Besides highlighting these evictions-for-profit, tenants also wanted to being attention to a pending November ballot measure which will close up the loopholes in the city’s condo conversion law. Supposedly, condo conversions (and the accompanying evictions) are limited to just 200 a year, but loopholes in this law mean that each year there’s well over 1,000 such condo conversions. The real estate speculators avoid the cap on condo conversions by selling units as condos but hiding the sale of the individual units on the deed; the proposed ballot measure requires that whenever a unit is sold as a condo it must be recorded as such on the deed. Besides closing the loopholes, the measure will also make permanent the annual 200 unit cap on condo conversions (a cap which is set to expire this December and which Mayor Willie Brown has indicated that he will let expire or will increase it to over 1,000). Tenants right now are collecting signature to place the measure on ballot.
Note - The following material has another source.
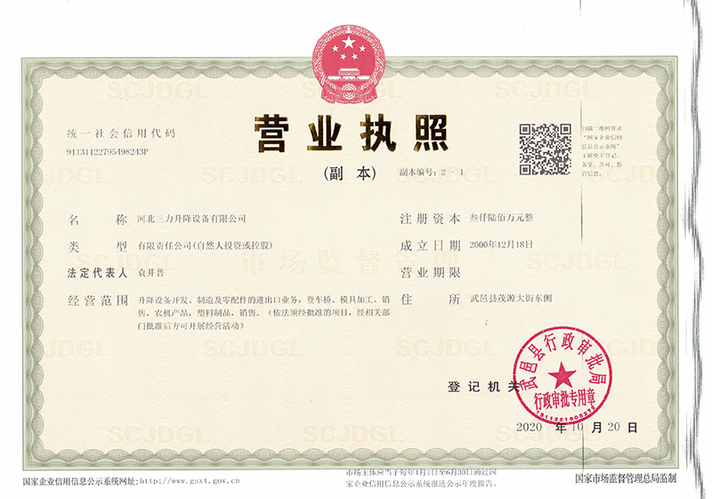 河北三力升降設(shè)備有限公司,1995年建廠(chǎng),是中國(guó)工程機(jī)械工業(yè)協(xié)會(huì)會(huì)員單位,是生產(chǎn)升降機(jī)、鋁合金升降機(jī)、剪叉式升降機(jī)、液壓升降機(jī)、移動(dòng)式升降機(jī)、四桅柱和多桅柱升降機(jī)、套缸式升降機(jī)、壁掛式升降機(jī)、雜物貨梯、傳菜機(jī)以及升降平臺(tái)、裝卸平臺(tái)、高空作業(yè)平臺(tái)等系列產(chǎn)品的專(zhuān)業(yè)廠(chǎng)家,是較早從事液壓升降設(shè)備研制和生產(chǎn)的廠(chǎng)家之一。持有國(guó)家質(zhì)檢總局頒發(fā)的《特種設(shè)備制造許可證》和《特種設(shè)備安裝改造維修許可證》,以及國(guó)家權(quán)威機(jī)構(gòu)“遼寧省安全科學(xué)研究院”出具的鋁合金升降機(jī)《型式試驗(yàn)報(bào)告》,生產(chǎn)設(shè)備齊全,企業(yè)實(shí)力雄厚。

The campaign to highlight the real estate speculators who make their living by evicting tenants will continue over the Summer. On June 3, tenants will be picketing Zephyr Realty, which is very active in evictions and condo conversions. Zephyr, for example, advises its clients (in a recent newsletter) that a building emptied of tenants will sell for 20% more than a building which has tenants living in it. Tenants will also be targeting more and more condo "Open Houses," setting up picket lines to educate prospective buyers that they condo they want to buy is available only because people with lesser income were out on the street.